One of the main purposes of smart contracts is to automate trustless financial agreements between multiple parties. Of course, many agreements are already automated in their own rights, but at the settlement layer, there are still custodians or gatekeepers, typically banks or credit card companies, which have administrative control over the network. Of course, we place trust in banks and credit card companies all the time, and life functions more or less satisfactorily.
The most common manifestation of smart contracts usually can be found within decentralized applications, or dApps, on blockchains. Public dApps are open-source protocols which allow users to connect compatible cryptocurrency wallets and interact with other users via smart contracts. For example, some dApps function as marketplaces for the near-instant exchange of crypto assets via the use of liquidity pools. That is, that the dApps do not take custody of the crypto assets which are exchanged, but held in escrow by smart contracts to create trading liquidity on the protocol.
Another dApp example is a decentralized money market which offers collateralized borrowing and lending services. As lenders, users may deposit crypto assets into their interest-earning wallets, while as borrowers they may choose to deposit their assets into money market smart contracts. These contracts offer varying interest rates for borrowed assets depending on the LTV ratio of collateral deposited to the assets borrowed.

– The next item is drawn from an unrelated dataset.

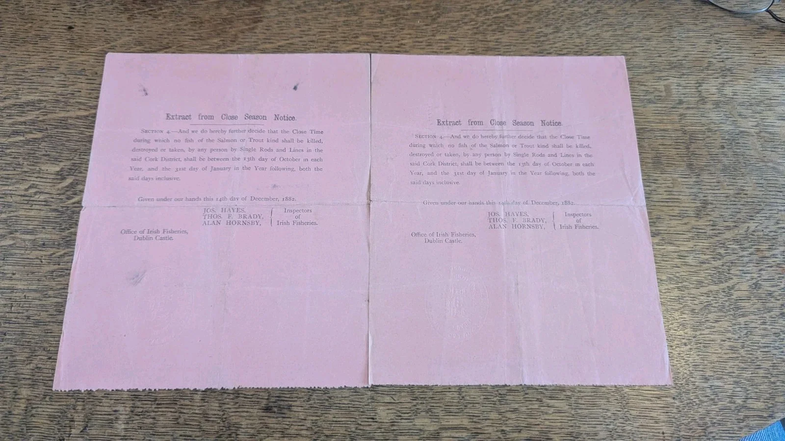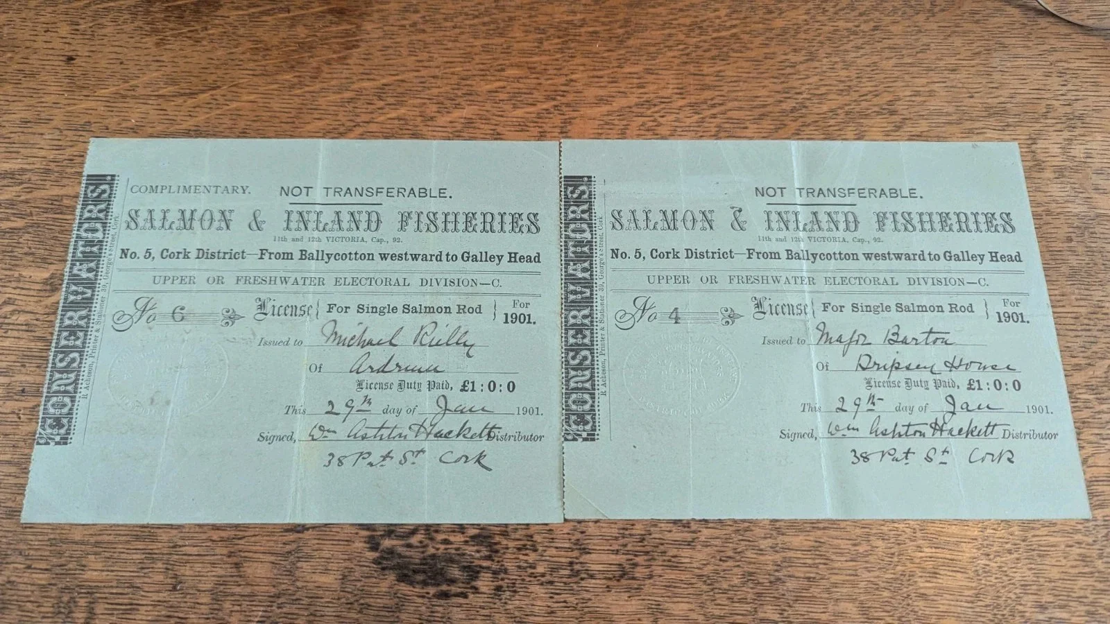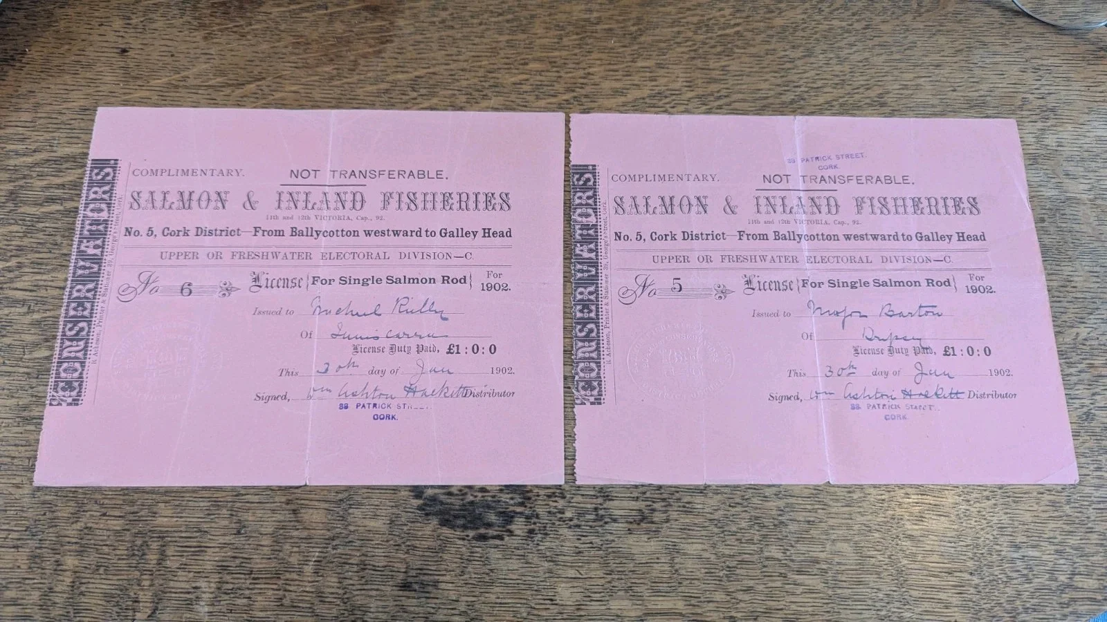 A set of five Irish Salmon and Inland Fisheries Salmon rod licences for County Cork. One from 1901 and two each from 1902 and 1903. All in very nice condition.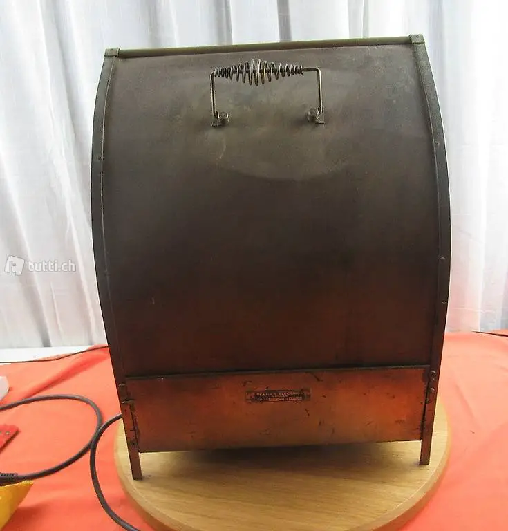 Interessanter Fund aus unseren Lager. Alter Heizofen im funktionierenden Zustand. sicher etwas für Sammler und Technikfreaks. Der Ofen stammt aus England und wurde mit einen schweizerischen Stecker verbaut. Betrieb auf eigene Gefahr und ohne Garantie. Masse ca. 40 x 27 x 52 cm.

For instance, borrowing less than 25% of the deposited collateral would benefit from the lowest interest rates, and carries the lowest risk of margin calls. If the spot price of the deposited collateral were to drop, users could simply adjust to a higher interest rate instead of having their collateral liquidated. Borrowing the maximum 50%, on the other hand, would require a significantly higher interest rate and risk liquidation if the spot price of the collateral deposited suffers any volatility to the downside and more collateral weren’t added.
Traditionally, financial agreements between strangers involve counterparty risks that are often handled by trusted institutions. When entering into an agreement, the institutions may hold funds in escrow and perform necessary background checks, and enforce the terms of contracts or reverse them in the case of error or malpractice. These agreements and the institutions which uphold and enforce them allow for a level of economic dynamism between strangers both domestically and internationally that has led to the globalized world as we know it.
Nevertheless, the status quo institutions of trust can only scale to certain limits, with their resilience and universal market penetration losing potency outside of their domestic economies or politically allied nations. Smart contracts allow for economic dynamism to scale to new heights, facilitating cooperation between strangers of different nations and backgrounds, trustlessly.
Smart contracts therefore provide economic security and reliability that was once only afforded to those nearest to the institutions granting it. This universal efficiency in the global financial system facilitates equitable access to capital markets and liquidity where it had previously been absent.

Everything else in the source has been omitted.